Spoon Test: Coat the back of a spoon with a sauce and run your finger through it. If your finger leaves a path, the sauce, glaze or curd is ready.
Spread: To apply on a surface in an even layer.
Sprinkle: To scatter a powdered ingredient or tiny droplets of a liquid over a dish.
Steam: To cook food in the steam rising from boiling water.
Stir: To agitate an ingredient or a number of ingredients using a hand held tool such as a spoon or a chopstick.
Straight–from–the–fridge–cold: the temperature of an ingredient, like butter, when it comes out of the refrigerator, about 35°F to 38°F.
Strain: To pass wet ingredients through a sieve to remove lumps or pieces of food. For example, “strain the stock to remove any small pieces of meat or flavorings”.
Taste: The amount of an ingredient (usually salt, pepper or lemon juice) you can add to food in the amount that tastes right to you.
Toast: To cook food (usually nuts) in a hot, dry frying pan (no oil or fat) and stir until they are fragrant and golden brown.
Toss: To lightly mix. For example, “toss the salad in the dressing until well coated”. To toss can also mean to cover food completely in another ingredient.
For example, “toss the fish in seasoned flour.”
Toothpick Test: To see if your baked item is ready to come out of the oven, insert a toothpick into the center or the deepest section. If the toothpick comes out clean or with only a few crumbs, remove the dish from the oven and set it on a cooling rack. If the toothpick comes out with wet dough stuck to it, reset the timer and bake longer. Use the toothpick test when baking cakes, muffins, breads and cookies.

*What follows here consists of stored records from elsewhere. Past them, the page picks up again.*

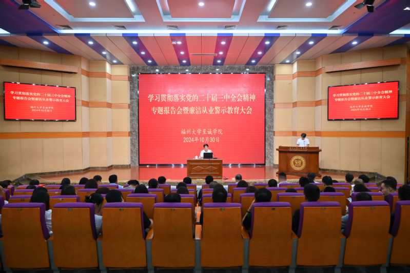 为深入学习贯彻党的二十届三中全会精神,教育引导学院党员领导干部进一步全面深化改革的政治自觉、思想自觉、行动自觉,坚持用改革精神和严的标准管党治党,不断健全全面从严治党体系,为学院进一步全面深化改革提供有力保障。10月30日下午,足球完场比分 在科报厅召开学习贯彻落实党的二十届三中全会精神专题报告会暨廉洁从业警示教育大会,学院翁德顺纪委书记和福州大学马克思主义学院舒展教授分别在大会上分别作辅导报告。学院领导及各级中层干部共计94人参加,大会由学院雷晓明副院长主持。
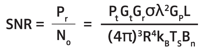 在雷達應用中,雜訊密度通常歸一化為 Bn,即 1/τ(封包脈衝寬度),此雜訊密度值 No 必須加到雷達測試系統的電子雜訊中,並包含接收器的雜訊指數以及所有射頻路徑元件的溫度(以 °K 表示),放大器雜訊指數的計算方法可在大多數微波工程教科書中找到,但本文將省略,以下計算系統 訊噪比 (SNR) 的公式採用了先前計算的接收功率 (Pr) 和雜訊密度 (No) 值,公式中還加入了處理增益 Gp 和損耗 L 的考量,大多數雷達的設計都使得 Bn 約等於 1/τ(封包脈衝寬度),No = Ts = 熱雜訊 + 歸一化至 Bn 的電子雜訊密度。
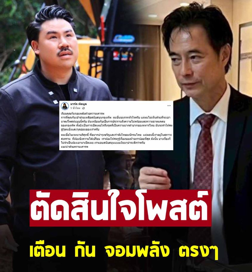 ล่าสุด มาร์ค พิตบูล ได้ออกมาโพสต์ข้อความ เตือน กัน จอมพลัง โดยได้ออกมาโพสต์ข้อความเตือน กัน จอมพลัง เอาไว้ว่า “เรียนคุณกันจอมพลังด้วยความเคารพ
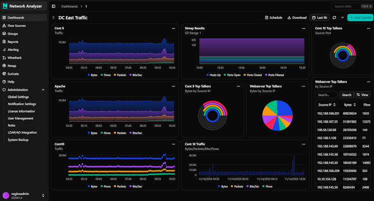 Nagios Network Analyzer is a NetFlow analysis, monitoring, and bandwidth utilization software. It provides instant access to vital NetFlow and sFlow data sources, server system metrics, and network anomalies, enabling swift network diagnostics and comprehensive tracking.
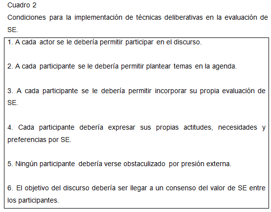 Al implementar este tipo de técnicas participativas, se asume que pequeños grupos de ciudadanos pueden plantear juicios informados sobre los bienes públicos, no solo en términos de la utilidad que generan en forma individual sino también en lo colectivo. Esto implica que el pequeño grupo se considera como el tomador de decisión (Wilson y Howarth, 2002). El rol por lo tanto de procesos que utilizan estas técnicas es contribuir a esta unidad social a articular preferencias por SE. La idea no es que el grupo llegue a negociar posturas, sino más bien que se comprometa con lograr un consenso deliberativo. De esta forma, como Jacobs, (1997) plantea: Al aceptar el modelo deliberativo para la formación de valor, significa que los valores de los SE no deberían obtenerse a través de procesos privados en los cuales los participantes son consultados por su elección en términos aislados e individuales. El valor de SE debería ser articulado públicamente, en un carácter deliberativo.
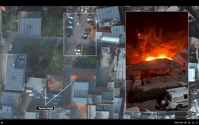 以色列军方卫星图像显示医院的停车场,医院后来开始爆炸。
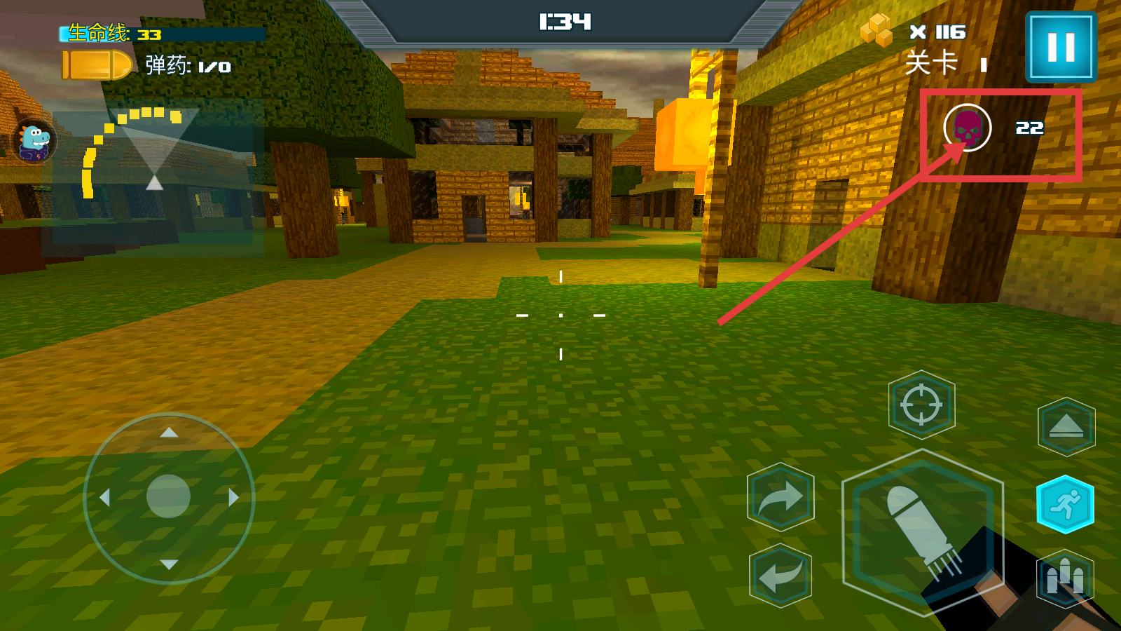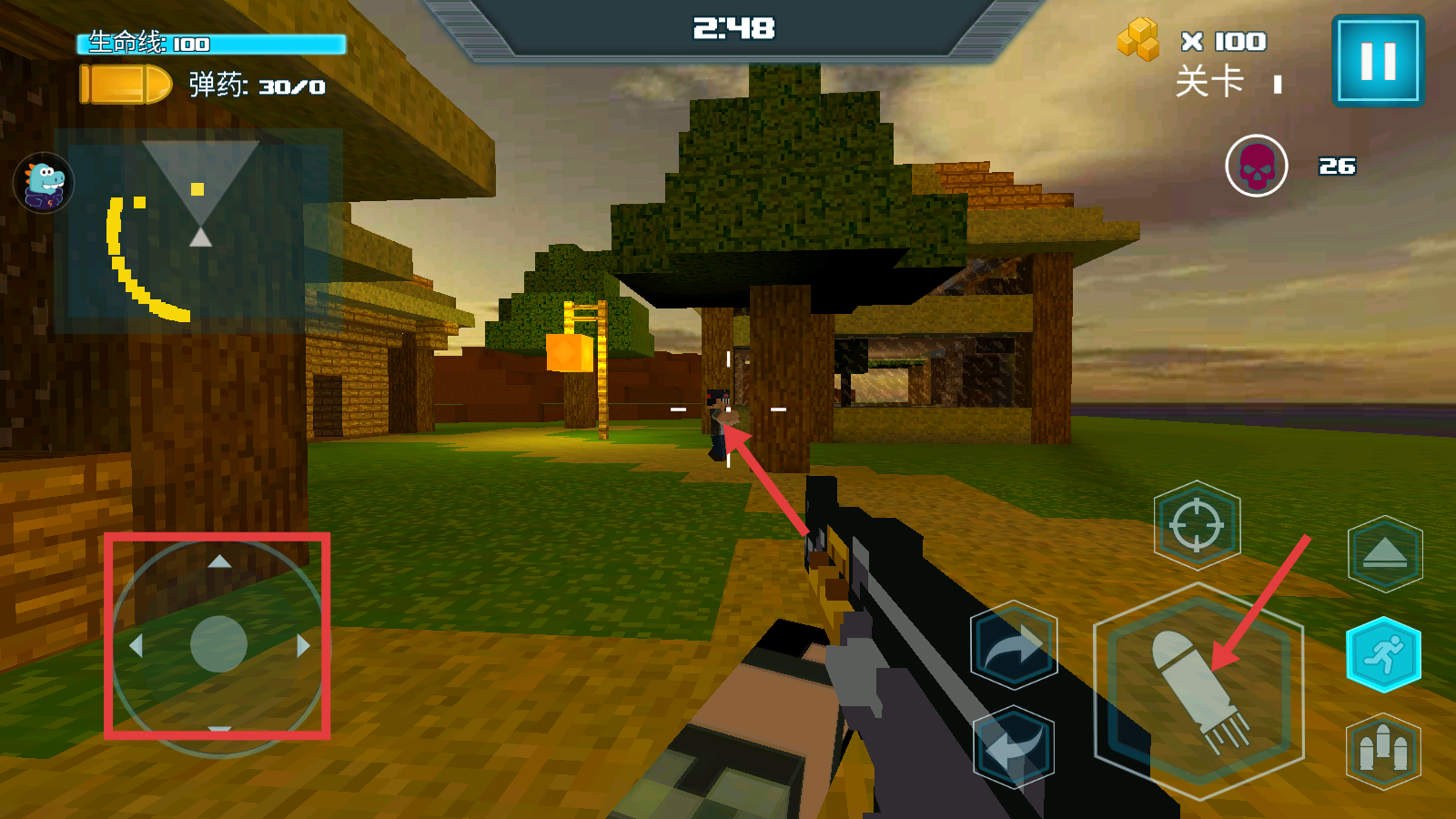 2、用移动摇杆操控角色,点击攻击按钮射击敌人,关注【生命线-100】【弹药-30/0】,稳扎稳打推进关卡。

Top and Tail: The action of cutting off the top part and root or pointy side of a food (usually an onion or pepper) to prepare it for another knife cut.

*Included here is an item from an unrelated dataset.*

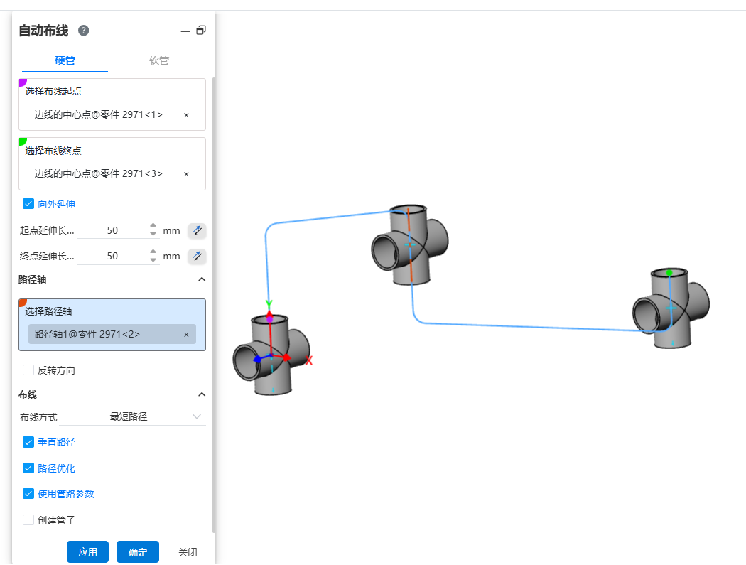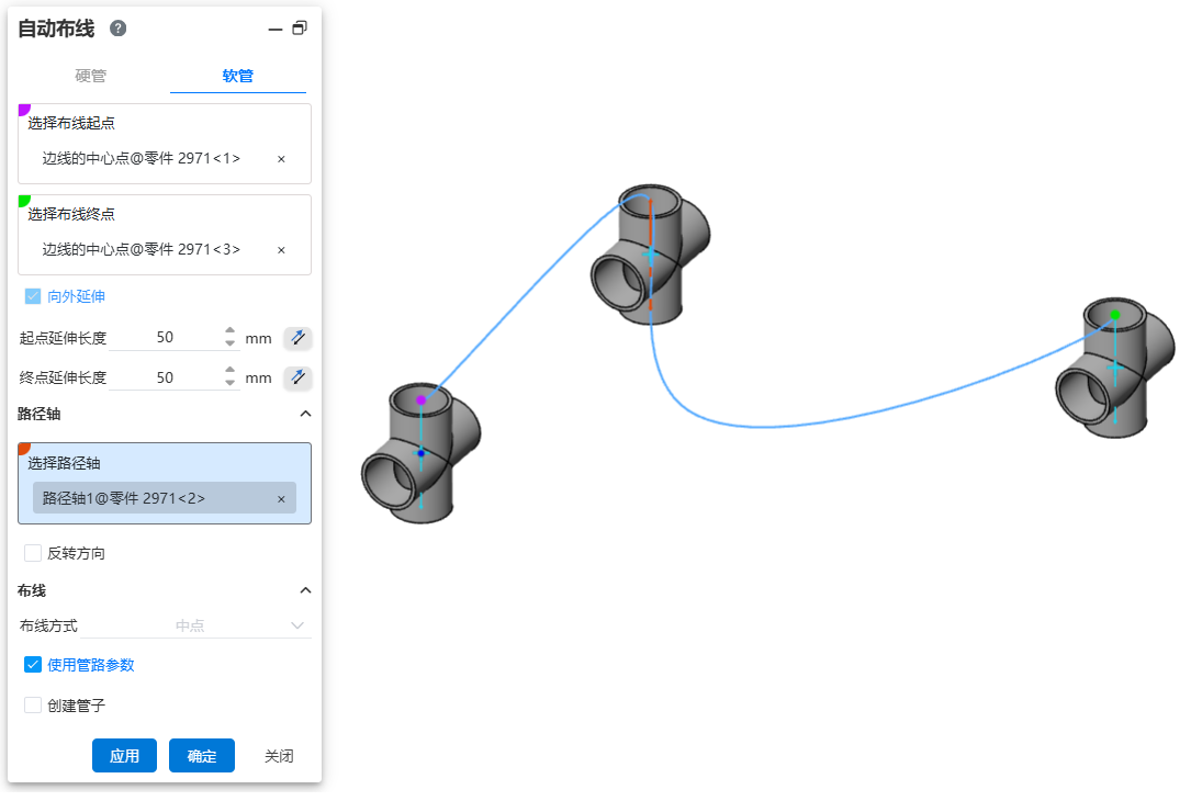 自动布线通过Tab页区分硬管和软管,自动布线时,支持拾取多个路径轴且按照拾取的顺序从起点-路径轴1-路径轴2-……-终点的顺序自动布线。

Trim: To remove the edges from something or cut it down to a certain size.
Twist: To cut the peel from a whole fresh lemon (for example) with a small kitchen knife, careful to remove all the pith. To make the twist shape, hold each end of the rind between your fingertips, turn each in opposite directions to make a bent, curled shape.
Well: A method used for incorporating dry ingredients and wet ingredients whereby you make a hole in the center of the dry ingredients, place the wet ingredients in the hole and stir to combine.
Whip: To beat rapidly using a fork or whisk to introduce air into a mixture or single ingredient to increase the volume.
Whisk: To beat or whip a mixture vigorously with a whisk in order to incrporate air into it.
Wrap: To encase one food in another or to encase food in plastic wrap or aluminum foil for safe storage.